The fairly reliable practice of using Google to check one's spelling. Not only will Google usually suggest the correct spelling, but it will let you get an idea of how prevalent one's own misspelling is. This gives rise to the Google Common Use Index (GCUI), the ratio of appearances of a particular incorrect spelling versus the correct spelling.

Some examples:

  • handfull vs. handful: 26,500/901,000 = 2.9%
  • definitly vs definitely: 53,300/3,360,000 = 1.6%
  • irregardless vs. regardless: 17,200/3,410,000 = 0.5%
Be careful! It doesn't always work so well:
  • Georgia O'Keefe vs. Georgia O'Keeffe: 22,500/30,100 = 74.8%
  • supercede vs. supersede: 36,200/163,000 = 22.2% (Google will not suggest the correct spelling)

The GCU ratio has many potential uses, such as the following Chatterbox moment. Robinspoon suggested that spon might be more common (versus spoon) in Canada than other parts of the word. (Why this was proposed is fortunately irrelevant.) Using the versitile tool that is the GCUI, RS was found to be 'correct':

  • spon vs. spoon, globally: 77,900/752,000 = 10.35%
  • spon vs. spoon, in Canada: 1,480/12,500 = 11.84% ("site:*.ca" appended to query).

There is a certain irony here: Google is itself a misspelling of googol, a mathematical term for 10100 (one followed by 100 zeros). Thus, the string of 'o's at the bottom of the Google search results page. Google's GCUI is a whopping 24,720% — 3,090,000/12,500!

nodeshell rescue

Although its user interface has become a nightmare by comparison with Google's, it should be noted that you may be better off with AltaVista when the aim is more to check on term usage than to get a spellcheck suggestion per se.

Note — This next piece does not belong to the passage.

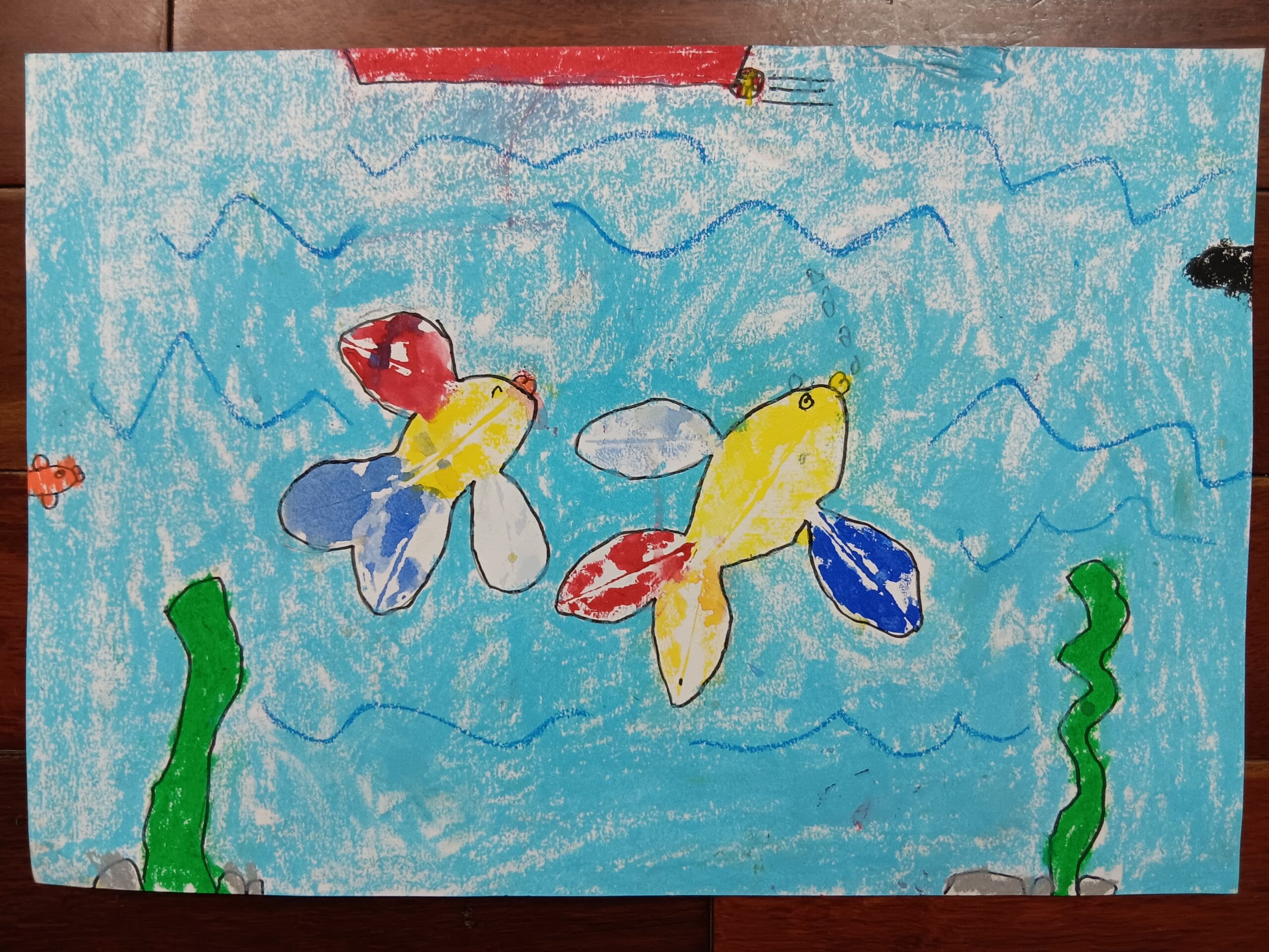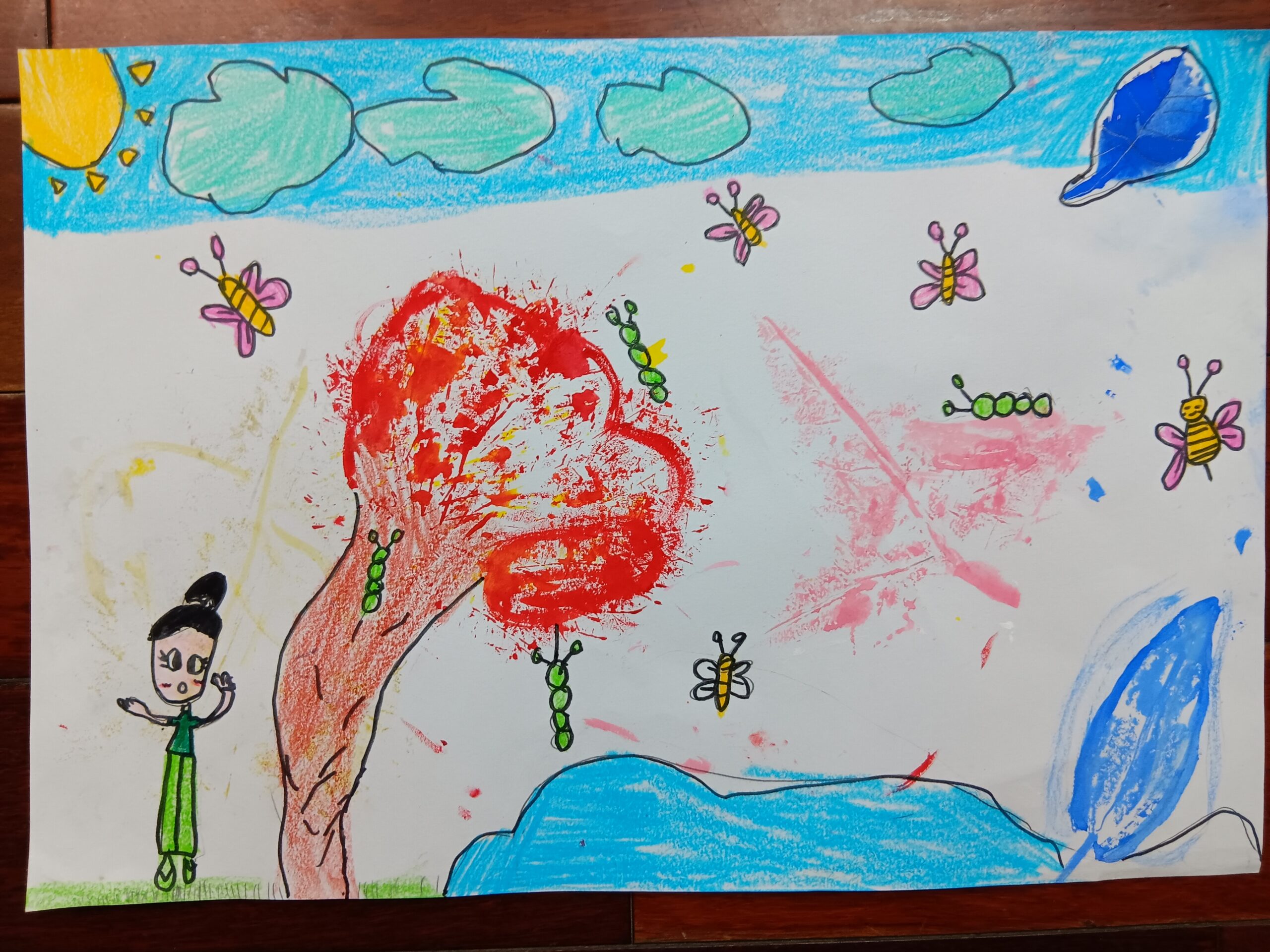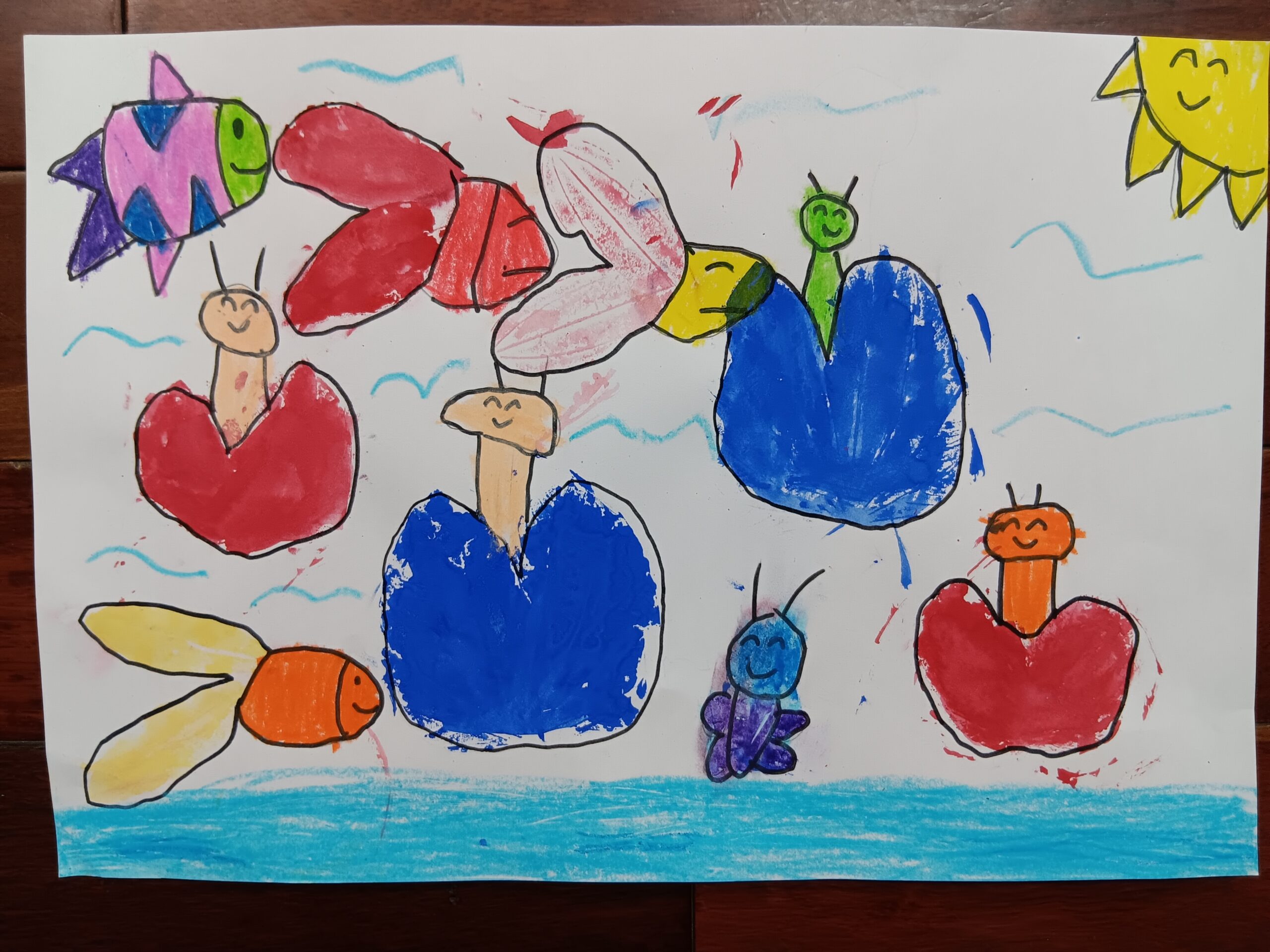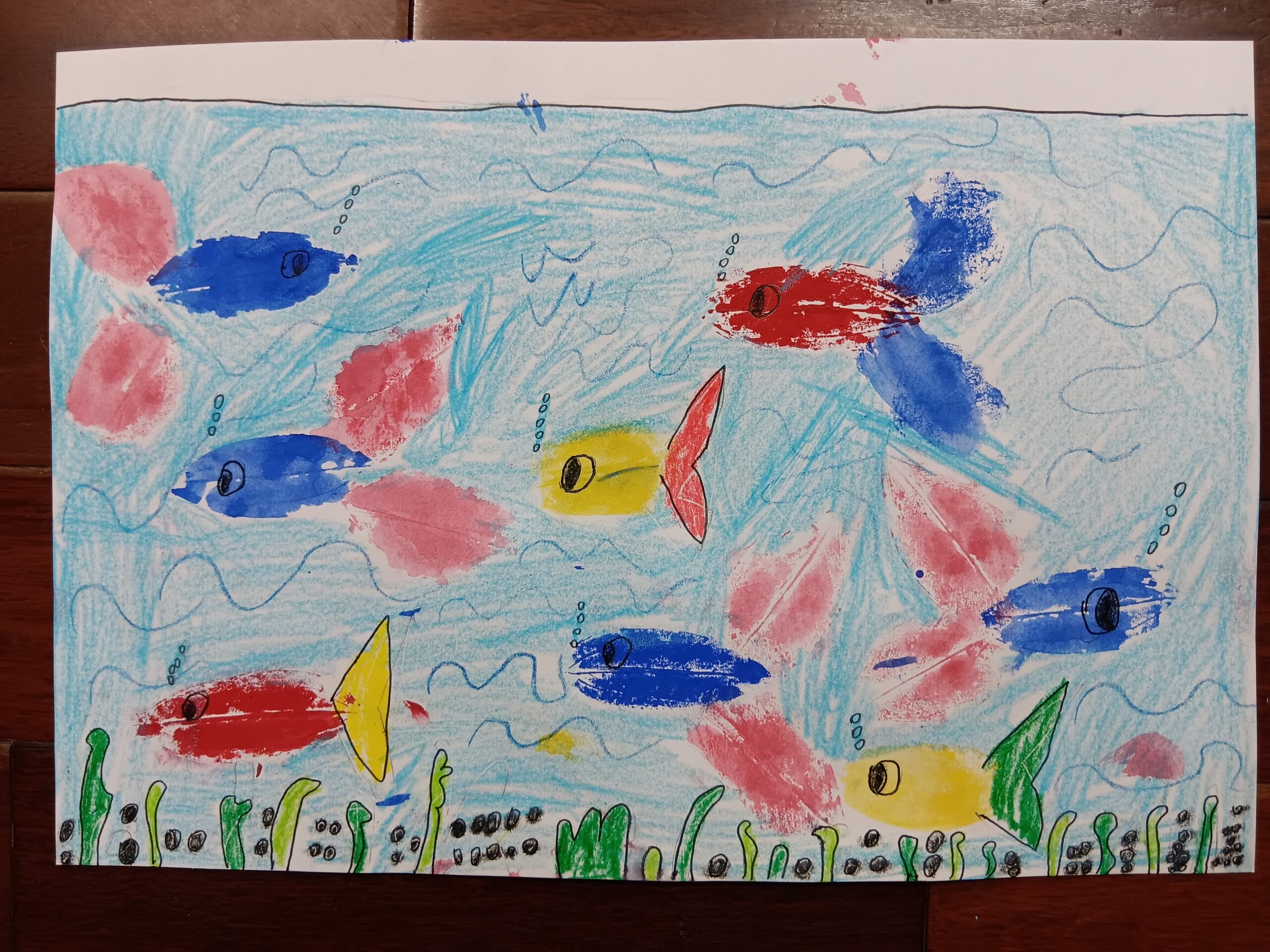 葉子拓印創意畫2024 年 1 月 10 日 林冠妙昨天老師帶小朋友到校園撿各種不同形狀的落葉,今天老師教小朋友在葉子塗上水彩,將葉脈拓印在圖畫紙上,再用拓印的葉子創作拓印畫。小朋友想像力很豐富,各種不同形狀、大小的葉子設計成魚、獅子、蝴蝶、大樹、高山、海洋生物……等,鮮豔的色彩讓圖畫變得更生動了!小朋友的創作很棒喔!

As AV ORs the search terms entered by default (whereas Google ANDs them as well as ignoring stopwords even in quoted strings), you can enter a range of variants of the proposed word in one easy operation, and, near the foot of the results page, you will find:

The number of words that match your search terms: on line banking 25017 ? online banking 600771

Nonetheless, the fact that Google's results page shows the term in context, as well as its rather larger database and access to file formats other than HTML, means that Google is still at present the better general tool for terminological research.

In both Google and Alta Vista, searches can be restricted by domain: in AV use domain:.uk for Britspeak; to restrict your hits to American English the best bet is to use site:.edu (Google) or domain:.edu (AV) since the (unlike .com or .net) the use of the .edu top level domain is generally restricted to the USA (I guess that .mil would also work - depends on your subject area, I guess); however note that in this case AV's usage figures are the total number of hits from all domains, not just the one you asked for.


koreykruse points out that Google offers sundry boolean alternatives under "advanced search"; it does indeed, but (a) it doesn't handle quotes very well which makes it unusable for different versions of multi-word terms and (b) it doesn't break down the number of hits for each alternative, just gives you a total. gn0sis observes, meanwhile that the AV interface is less messy and lower bandwidth if you go via the text-only interface available variously via:

  • http://www.altavista.com/sites/search/text
  • http://www.raging.com
  • http://www.ragingsearch.com

(Raging was originally a short-lived Google-look-and-feel interface to the same AltaVista database but has now been redirected to the old AV text interface).